## Task details
Restate the whole listing below word for word and keep the images out.

## Source material
########
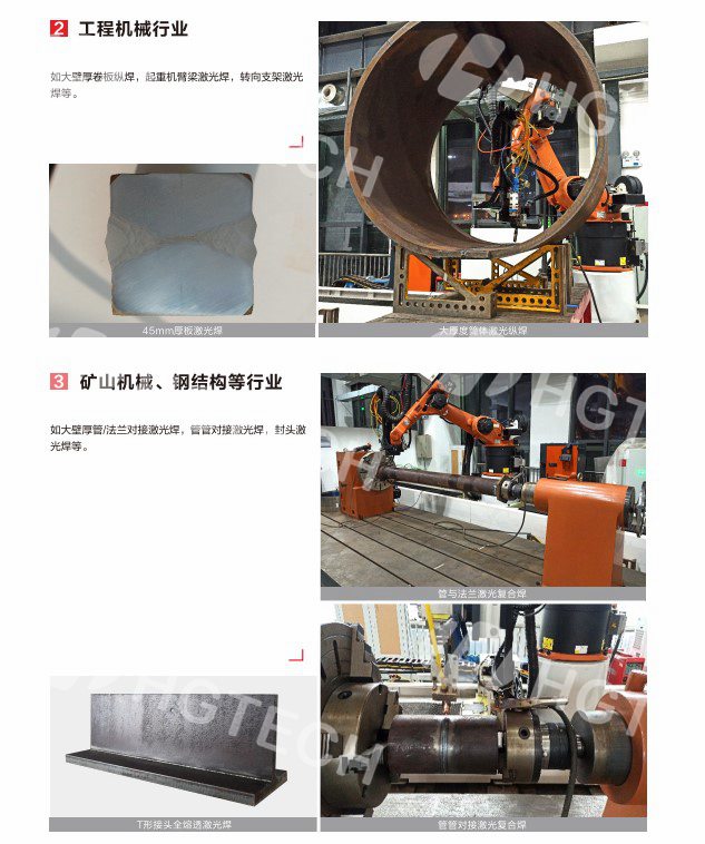 為客戶提供軌道交通、工程機(jī)械、船舶制造、鋼結(jié)構(gòu)等領(lǐng)域中厚板的高效焊接服務(wù)。常用工藝有窄間隙厚板/超厚板激光填絲焊、激光電弧復(fù)合焊等,厚度可覆蓋5-50mm。
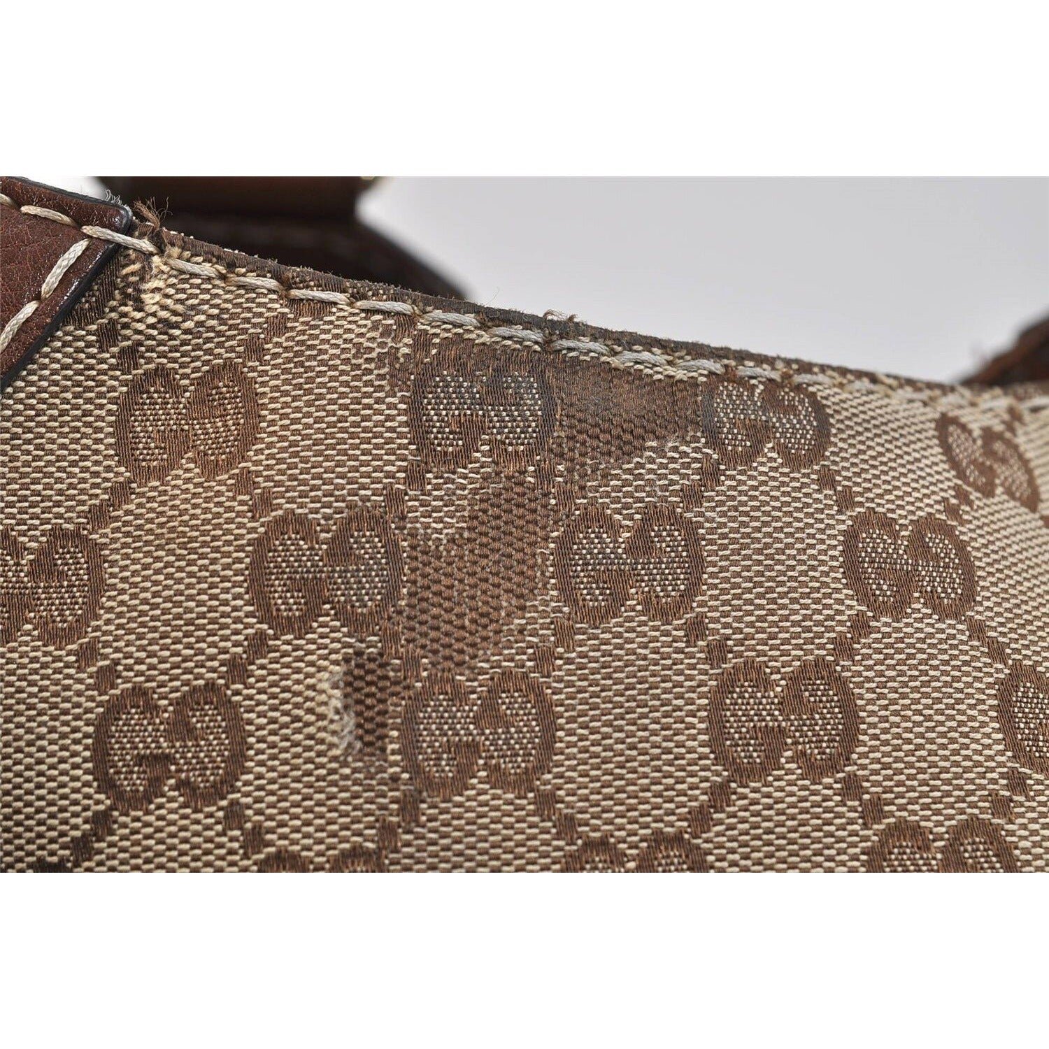 Condition notes: This purse is in excellent condition, but the leather and hardware may show minor scratches, and there is minor wear to the 1st layer of the Guccissima print fabric on the back of the purse as is shown in the closeup.
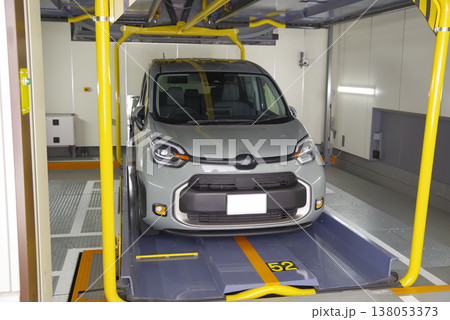 機械式駐車場に入出庫するコンパクトカー
########
## Solution to this exercise
 為客戶提供軌道交通、工程機(jī)械、船舶制造、鋼結(jié)構(gòu)等領(lǐng)域中厚板的高效焊接服務(wù)。常用工藝有窄間隙厚板/超厚板激光填絲焊、激光電弧復(fù)合焊等,厚度可覆蓋5-50mm。
 Condition notes: This purse is in excellent condition, but the leather and hardware may show minor scratches, and there is minor wear to the 1st layer of the Guccissima print fabric on the back of the purse as is shown in the closeup.
 機械式駐車場に入出庫するコンパクトカー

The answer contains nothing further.